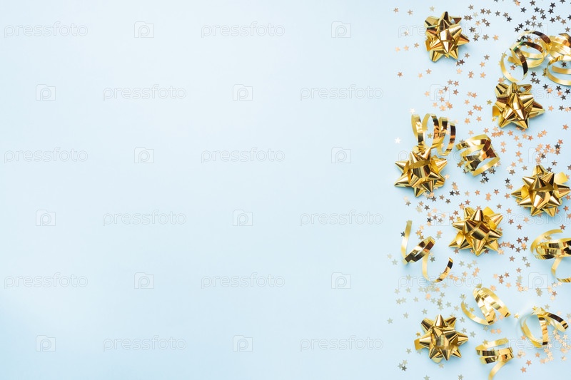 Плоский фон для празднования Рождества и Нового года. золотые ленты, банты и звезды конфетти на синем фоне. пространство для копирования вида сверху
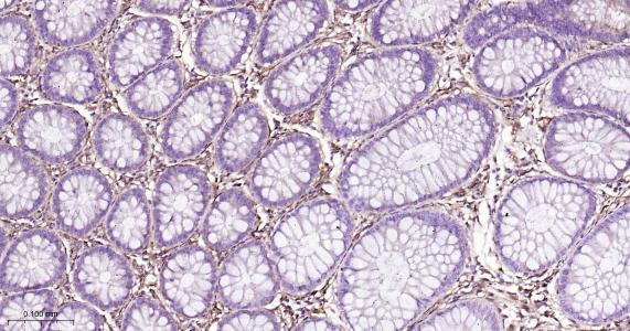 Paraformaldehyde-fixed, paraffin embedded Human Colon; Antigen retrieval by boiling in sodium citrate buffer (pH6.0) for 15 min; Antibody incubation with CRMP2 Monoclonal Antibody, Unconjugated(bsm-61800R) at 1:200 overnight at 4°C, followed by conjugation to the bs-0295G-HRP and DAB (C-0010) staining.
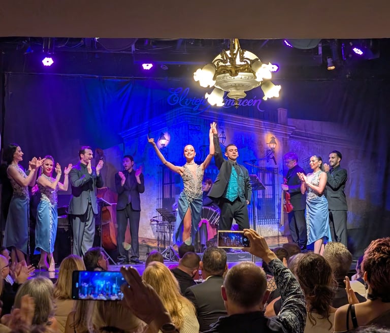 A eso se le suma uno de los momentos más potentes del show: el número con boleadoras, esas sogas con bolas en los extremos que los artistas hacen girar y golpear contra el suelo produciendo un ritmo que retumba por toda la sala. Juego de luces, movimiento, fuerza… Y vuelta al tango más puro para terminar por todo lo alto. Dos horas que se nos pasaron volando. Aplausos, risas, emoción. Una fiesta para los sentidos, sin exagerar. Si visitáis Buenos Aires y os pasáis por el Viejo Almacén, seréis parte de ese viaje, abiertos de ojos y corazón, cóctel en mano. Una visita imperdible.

========================================================================

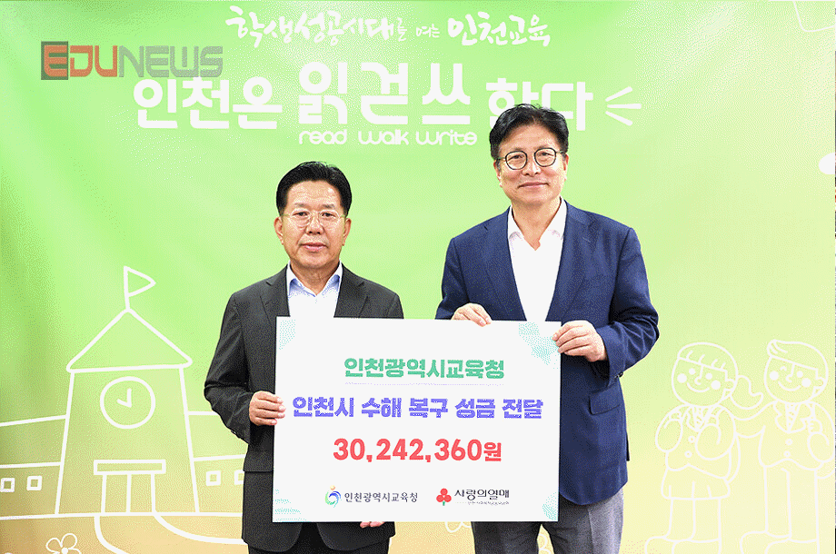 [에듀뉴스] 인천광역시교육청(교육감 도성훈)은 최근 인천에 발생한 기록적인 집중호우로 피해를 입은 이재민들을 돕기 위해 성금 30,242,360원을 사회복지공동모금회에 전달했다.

========================================================================

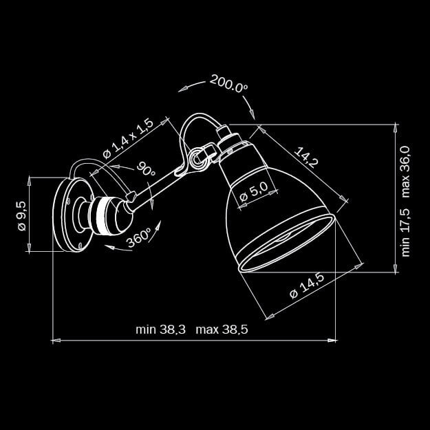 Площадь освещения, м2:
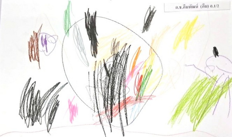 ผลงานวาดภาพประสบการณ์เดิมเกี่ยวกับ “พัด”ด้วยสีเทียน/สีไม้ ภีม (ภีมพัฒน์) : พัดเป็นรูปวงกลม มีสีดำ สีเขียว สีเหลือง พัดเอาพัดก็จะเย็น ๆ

========================================================================

Prompt » In the listing above, find the line containing "Paraformaldehyde-fixed, paraffin embedded" and the line containing "A eso se le", then output those two lines and everything between them exactly as written, without the images.

Written response »
 Paraformaldehyde-fixed, paraffin embedded Human Colon; Antigen retrieval by boiling in sodium citrate buffer (pH6.0) for 15 min; Antibody incubation with CRMP2 Monoclonal Antibody, Unconjugated(bsm-61800R) at 1:200 overnight at 4°C, followed by conjugation to the bs-0295G-HRP and DAB (C-0010) staining.
 A eso se le suma uno de los momentos más potentes del show: el número con boleadoras, esas sogas con bolas en los extremos que los artistas hacen girar y golpear contra el suelo produciendo un ritmo que retumba por toda la sala. Juego de luces, movimiento, fuerza… Y vuelta al tango más puro para terminar por todo lo alto. Dos horas que se nos pasaron volando. Aplausos, risas, emoción. Una fiesta para los sentidos, sin exagerar. Si visitáis Buenos Aires y os pasáis por el Viejo Almacén, seréis parte de ese viaje, abiertos de ojos y corazón, cóctel en mano. Una visita imperdible.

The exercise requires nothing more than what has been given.